Here’s a teaser, and you can see the full project HERE. Also, see all of the code on my github.

Reflections

This piece went through several revisions as I was coding it, whether because I realized something would not be feasible in the time I had left, or because I realized the story demanded a different approach. So, having seen the final product, what would I do differently? Mainly, I regret all of the things I just didn’t have time for. I was working on this project solo and only in my very limited free time, so there were many pieces that I had to cut to make the deadline. Most importantly I didn’t get to really explore some aspects of risk prediction as much as I would have liked. I wanted to include an explorable interactive at the end that showed several large earthquakes with their triggered earthquakes and the proximity of each to populated areas or cities. The risk from earthquakes is hugely dependent on where they strike, and without this piece I think my overall narrative falls a little short on the goal of communicating hazard risk in terms of loss of life or damage to structures. Another drawback is I didn’t have time to optimize it for mobile (or even for small screens). Maps are always hard on mobile, but I’m no CSS wizard, and with the deadline, this unfortunately only looks good on a large screen (15in or 1400px).

On a personal level, this project was an emotional roller coaster. I took on this project out of passion for the idea and data visualization, but at the time I was extraordinarily busy, and this was a commitment that I really didn’t have time for. During the month leading up to the deadline I was working about 14 hours per day seven days per week, with hardly any breaks. That kind of stress is crushing, and it made the result of this all the more important; if this failed then what was all of that work for? This was also a big gamble since when I started the project I had almost no experience to think I could actually realize it.
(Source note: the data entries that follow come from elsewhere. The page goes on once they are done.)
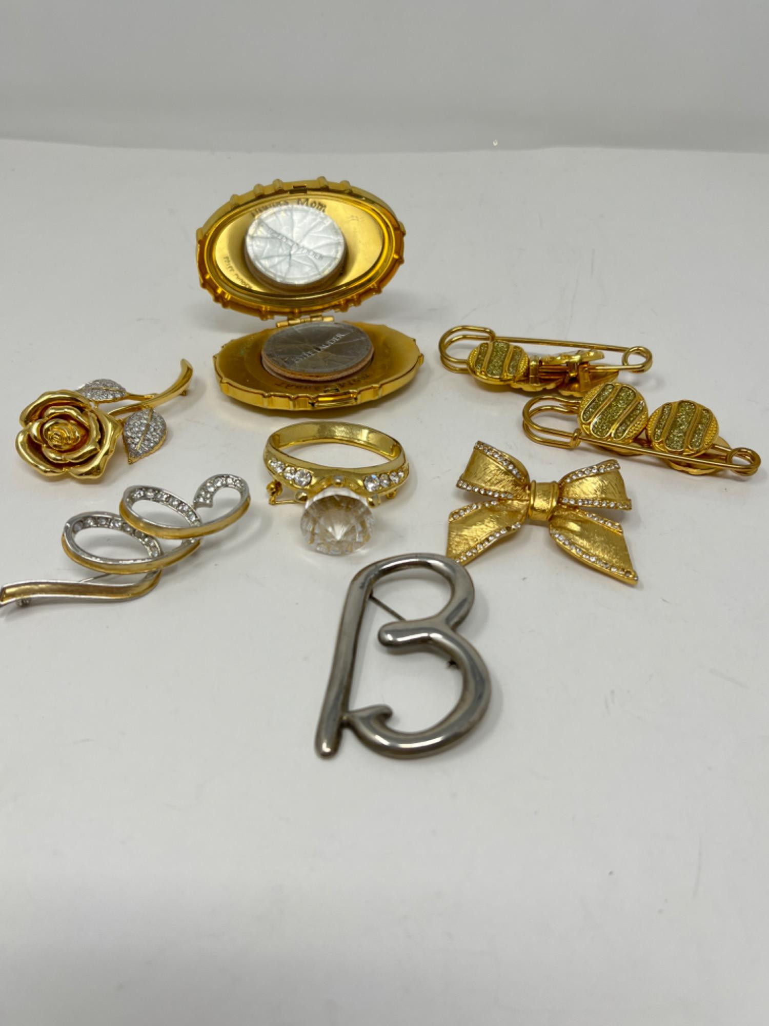 Five brooches approximately 2.5” long Two fashion safety pins with sparkly buttons Estee Lauder Thanks Mom Powder compact (3” long).
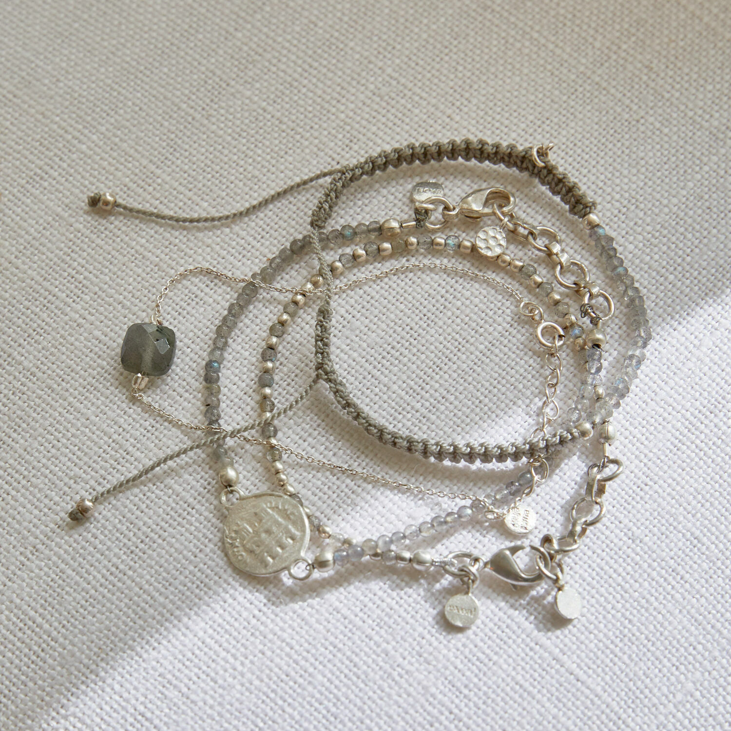 Freuen Sie sich auf ein sehr modisches und elegantes Schmuck-Quartett. Die vier Armbänder sind mit edlen Labradorit-Steinen geschmückt, welche von Hand geformt und geschliffen sind. Die Steine schimmern irisierend und erinnern mit ihrem schönen Glanz an Perlmutt. Dazu gesellen sich schmückende Applikationen aus Echtsilber, die zusätzlichen Charme ergeben. Die Armbänder sind flexibel dehnbar, sodass sie garantiert passen und sich bequem tragen lassen. Man sagt dem Labradorit viele positive Eigenschaften nach: Der dekorative Stein soll die Kreativität und Phantasie steigern, die Erinnerung und Zielgenauigkeit im Leben verbessern, die Knochen stärken und auch beruhigend wirken. In jedem Fall schmeicheln diese vier detailreichen Schmuckstücke Ihrer Garderobe und passen zu vielen Anlässen. Sie sind auch eine sehr gute Geschenkidee für liebe Freundinnen.
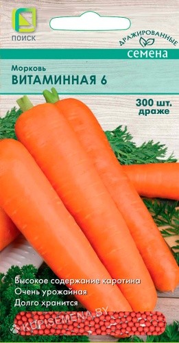 Самый вкусный сорт с высоким содержанием каротина. Среднеспелый. Сортотип Берликум-Нантская. Период от всходов до уборки урожая 80-100 дней. Корнеплод цилиндрический, тупоконечный, почти полностью погружен в почву. Длина более 15 см, масса 100-164 г. Поверхность гладкая с мелкими глазками. Окраска красно-оранжевая. Сердцевина маленькая круглая. Вкусовые качества высокие. Сорт устойчив к цветушности. Лежкость хорошая. Оригинальная научная разработка - бысторастворимое драже с микроэлементами и стимуляторами роста. В сочетании со специальными приемами обработки семян обеспечивает высокую всхожесть и силу роста. Внимание! Хранить в сухом месте.
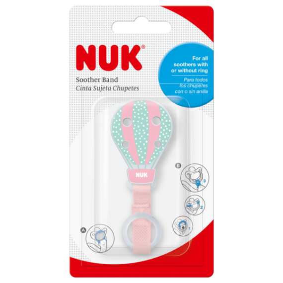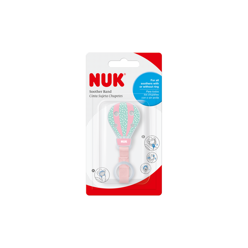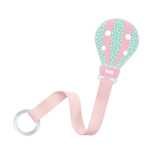 NUK Smokkholder for smokker med eller uten ring. Forebygg at barnets smokk havner på bakken eller mistes med en smart smokkeholder. Fest med klips, enkelt og lett med en hånd.

I wrote my first line of Javascript three months ago, and until now my experience was limited to a few simple D3 charts on Observable. The stress buildup from overwork combined with the trials and tribulations of learning a new coding language on a deadline had me at times crying into my cereal, and at others jumping for joy. Given all of this, I’m incredibly proud of what I’ve produced. The project turned out better than I ever could have imagined. It’s not perfect—but nothing ever is—and I’m willing to admit that I really impressed myself with my coding ability on this one.

Though I say I was solo, I was not alone. I have to thank the many people that made this possible, and without whose help I never could have made it. First up is Mapbox, the Data Visualization Society, and the Understanding Risk partners for sponsoring this competition and making it possible in the first place. Lo Benichou was very kind and helpful when I was stuck in the depths of some bugs that I just could not see, and I thank her for being so involved and available to me with my dumb questions. Time for a short story: One night I was working on a chart prototype in Observable and was having some trouble. Around midnight I left my half-finished code and turned on the TV while preparing for bed. Twenty minutes later I see an email pop up on my phone that Mike Bostock has added fixes and comments on my chart and submitted a pull request that would have it working. I guess people who have been working on D3 for longer know how generous Mike is with his time, but I was floored. I never tweeted out that I was working on this, so I can only guess that Mike goes around browsing the latest Observable notebooks and doling out bug fixes like some magical elf. It’s certainly not something that he has to do, and I am very grateful for the help. Finally, I never could have managed this without the immense support of my partner. He cooked, he cleaned, and he was just there to support me through the entire thing—entirely selfless, he never complained, he was the perfect sounding board for my ideas, and he supported me unconditionally.